Significantly, as opposed to the unstinted support that Mr Vajpayee and his Ministers such as Mr Arun Shourie and Mr Arun Jaitley gave the project, the response of the new Prime Minister, Dr Manmohan Singh, has been more measured. Dr Manmohan Singh is reported to have told Mr Goh that he "philosophically (supported) FTA-plus" but that the UPA Government was a coalition regime and he had "to persuade the others to come along". While the the National Common Minimum Programme's silence on FTAs could mean a smooth road ahead for the Singapore venture, its support for trade liberalisation measures specifically within the WTO negotiating framework (and that too only if the interests of farmers are protected), could spell danger for FTAs because of their regional character. It will be argued that the Singapore FTA will pose no threat on the agriculture front as the island-nation is not a major producer of farm products. Indeed, on a larger scale, as Mr Goh emphasised, Singapore can pose no economic threat to India whatsoever. Yet, the fact remains that Singapore is primarily an entrepot, and other countries can route their exports to India via the city-state's free-trade window, which could pose a threat to Indian interests. Happily, Singapore is conscious of this, which is why Mr Goh stressed on the rules of origin under which any third economy company would have to add value up to "35 to 40 per cent" to their products in Singapore before they can use the FTA channel to export to India.

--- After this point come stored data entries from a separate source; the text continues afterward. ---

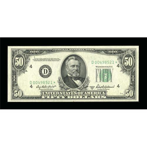 <B>Fr. 2109-D* $50 1950B Federal Reserve Note. Gem Crisp Uncirculated.</B></I><BR> A gorgeous star note with letter perfect centering, full originality, great color, and that just from the pack appearance that every collector desires. <BR><BR><b>Shipping:</b> Coins & Currency (<a target="_blank" href="http://www.heritageauctions.com/common/shipping.php">view shipping information</a>)
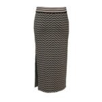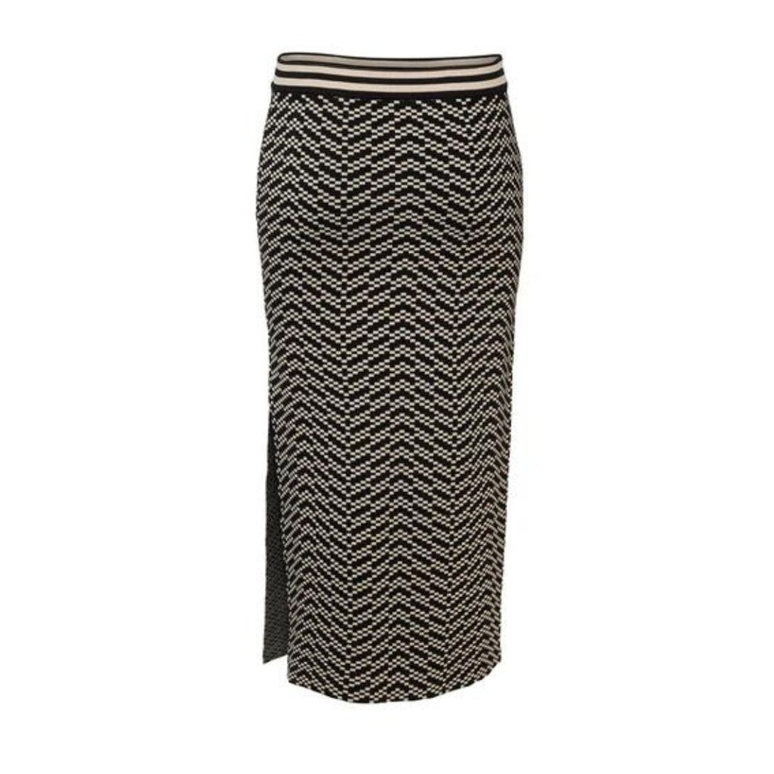 The dodo bar or Assa Skirt’ is skillfully crafted from geometric jacquard knit, featuring a striped elasticated waistband and a stylish side slit.
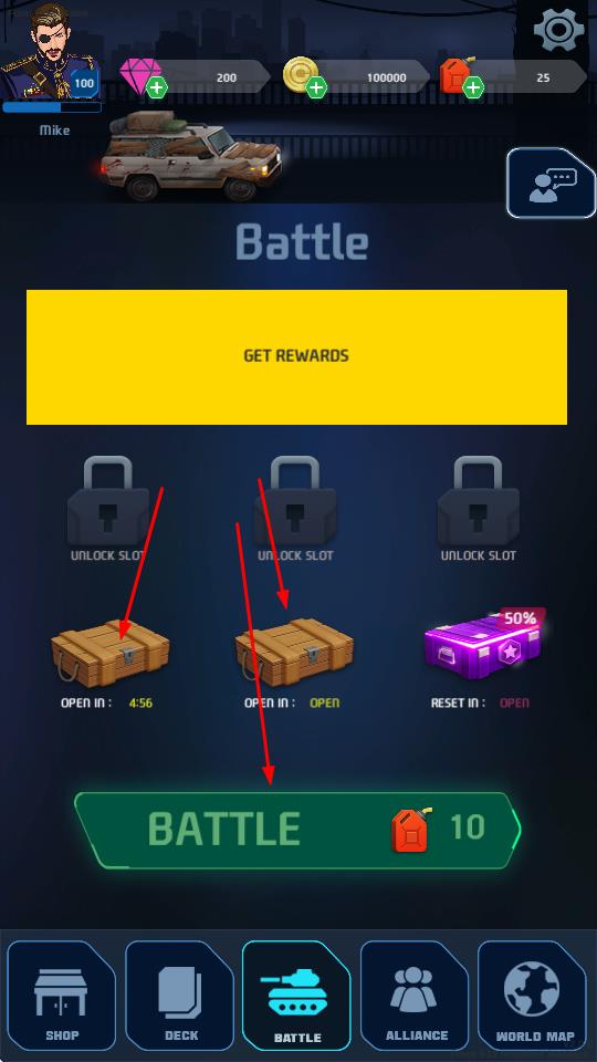 2、在“Battle”界面,消耗燃油(10单位)开启战斗,完成可领箱子奖励,解锁新单位/资源。
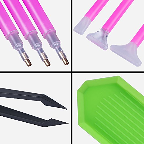 - Package includes: 6 x diamond sticky pen in 3 different types, 10 x clay, 2 x plastic plates, 1 x tweezers and 10 x small transparent bags, a complete set of DIY diamond painting tools, convenient for you craft job.
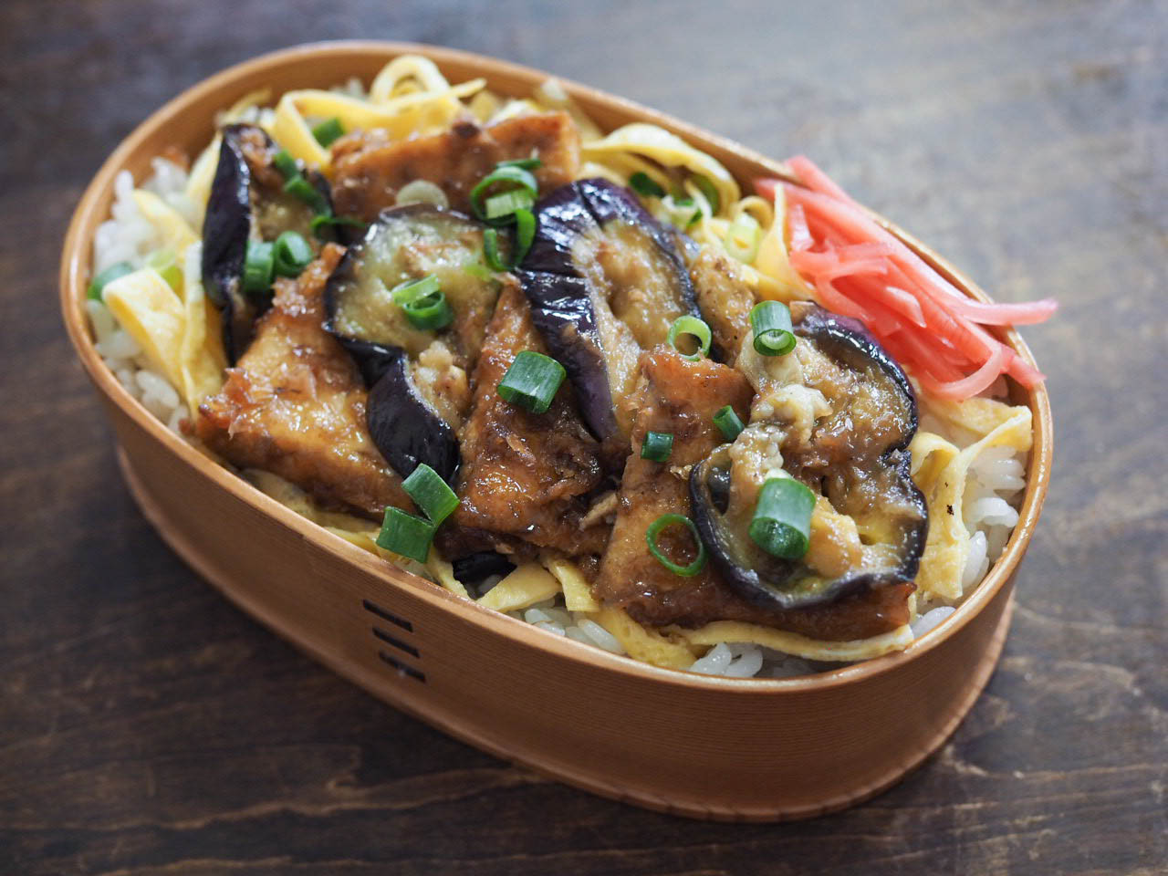 • お弁当箱にご飯を詰め、錦糸卵を広げてから、ナスと厚揚げの照り焼きをのせる。

Trade diversion is the most important issue in the framing of the FTA and New Delhi must leave no room for that. In fact, Singapore has reportedly sought the removal on a fast-track basis of import duties on some 2,400 items (including farm goods, engineering products and pharmaceuticals items) that it is not known to produce. Obviously, these are all re-exports, and India must ascertain that the rules of origin guidelines are followed. Further, Singapore has reportedly asked for rules of origin treatment for products of its joint venture firms operating in other Asean economies. This means an extension of the FTA and could open a Pandora's box. For India an FTA-plus arrangement with Singapore would be a major stepping-stone towards closer economic integration with Asean — certainly worth pursuing but only after safeguards against trade diversion are put in place.